# FlyWheel Coffee Shop in San Francisco



## MeetPierre (Feb 3, 2016)

I love FlyWheel coffee in San Francisco. Although it is a little way across the pond, if anyone is ever out there, they make a great siphon. First place I have seen the serves Siphon. I have no relation to FlyWheel, just a happy customer.


----------



## Xpenno (Nov 12, 2012)

I went there, loved it, great Recommendation.


----------



## Andy__C (Nov 4, 2015)

I'm in the area in a few weeks @MeetPierre (will be at Standford). If i mamange to get into the bay, which i'd like, then I'll keep this in mind... keen to try coffee on the west coast.


----------



## Xpenno (Nov 12, 2012)

Andy__C said:


> I'm in the area in a few weeks @MeetPierre (will be at Standford). If i mamange to get into the bay, which i'd like, then I'll keep this in mind... keen to try coffee on the west coast.


If you do get into the bay area then check out my blog (in my sig) I did a quick rundown of all the shops I visited over there.


----------



## Andy__C (Nov 4, 2015)

Cheers Xpenno , not just a good blog on the San Fran coffee shops but a great blog in general, I've enjoyed reading quite a few entries this evening.

I've bookmarked the SF post and I'll be coming back to it armed with googlemaps to see where is on my route.


----------



## Xpenno (Nov 12, 2012)

Andy__C said:


> Cheers Xpenno , not just a good blog on the San Fran coffee shops but a great blog in general, I've enjoyed reading quite a few entries this evening.
> 
> I've bookmarked the SF post and I'll be coming back to it armed with googlemaps to see where is on my route.


Glad to be of service


----------



## Flibster (Aug 15, 2010)

We stumbled across Flywheel when we were over there in September. It started drizzling and we were planning on going into Golden Gate Park. Decided to have a coffee instead and was extremely impressed.

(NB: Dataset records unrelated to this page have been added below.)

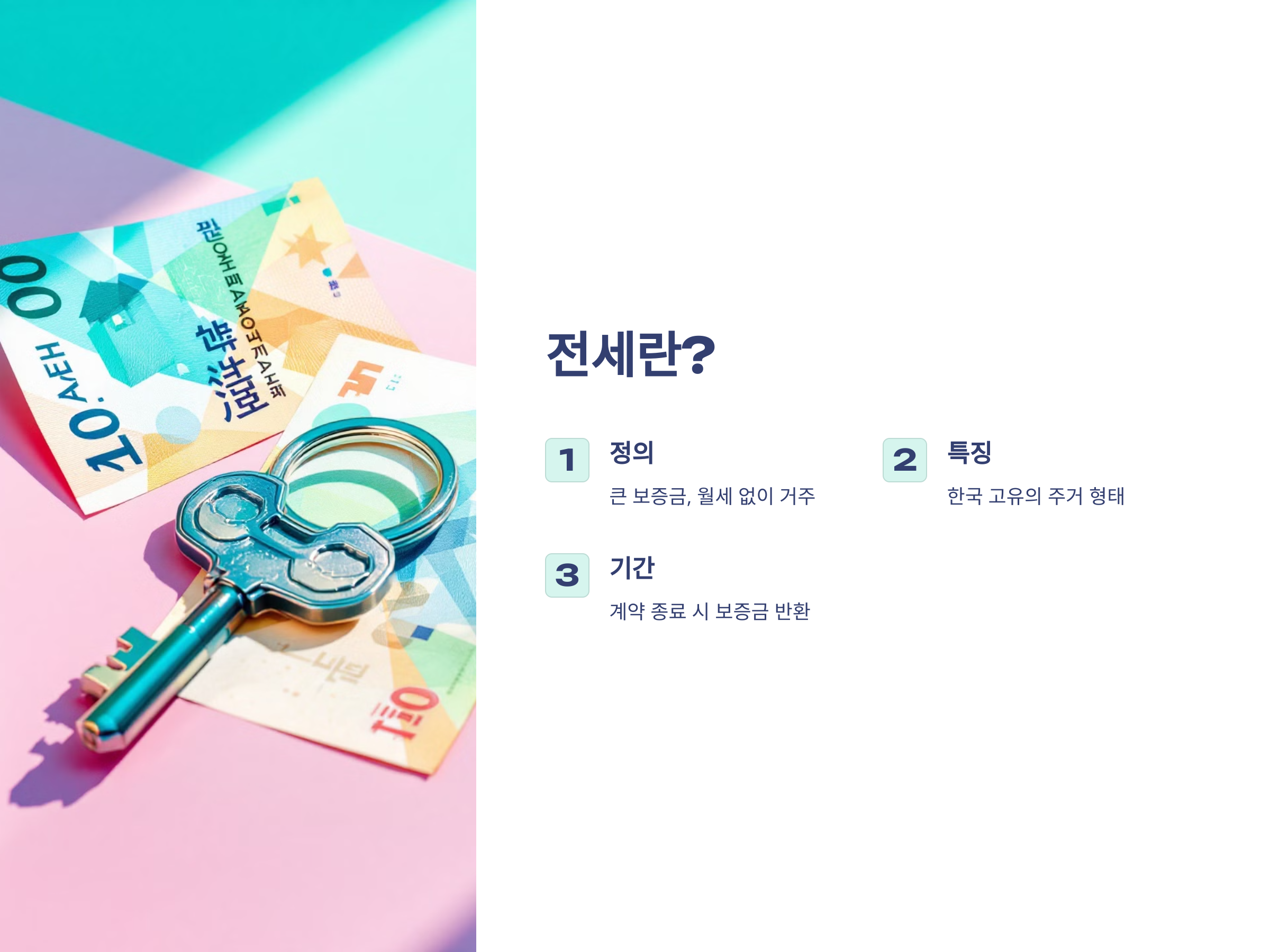전세는 임차인이 집값의 일정 비율에 해당하는 큰 금액의 보증금을 임대인에게 맡기고, 월세 없이 일정 기간 거주하는 방식입니다. 계약 기간이 종료되면 보증금을 전액 반환받습니다. 이러한 전세 제도는 한국에서 독특하게 발전한 주거 형태로, 다른 나라에서는 쉽게 찾아보기 어렵습니다.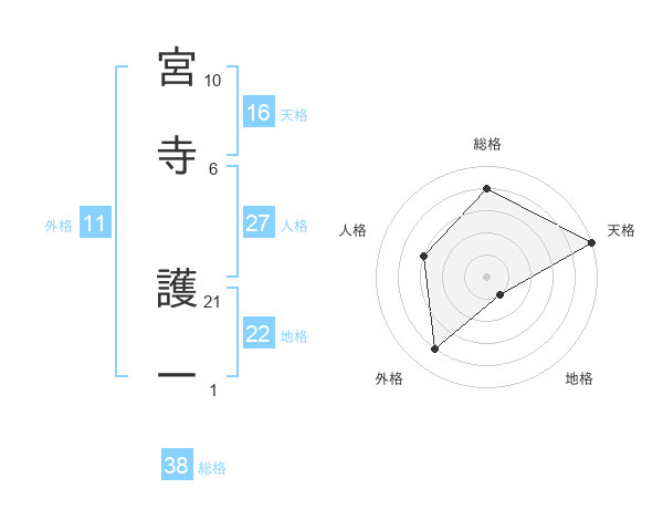 宮寺 護一さんの総格は38画の4点!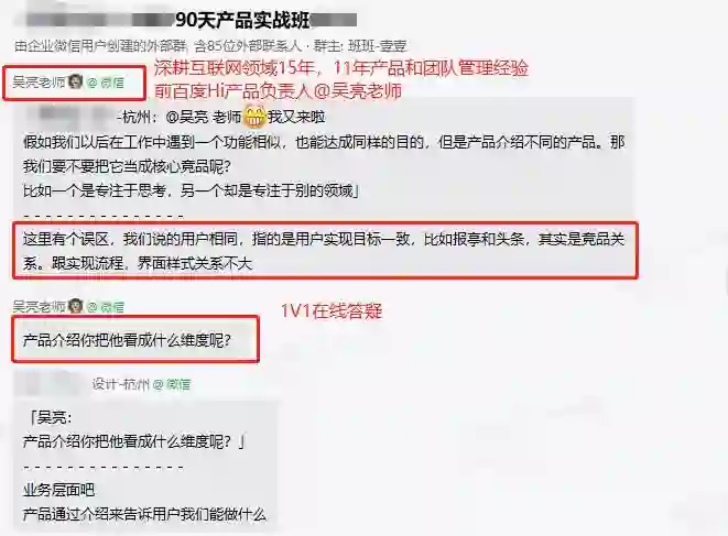 在学完产品的基础知识之后,我继续在班级群请教授课的老师们,老师们的方法论、过往经验都给了我很大的启发!

Ladies behind the bar were fun too. It was later in the afternoon so they weren't that busy and we had a nice chat about the coffee scene in San Fran and their frankly huge cold brewers.

Can also recommend Four Barrel, Sightglass and my personal favourite, Ritual. Blue Bottle is ok, but I found the coffee to be too darkly roasted for me.


----------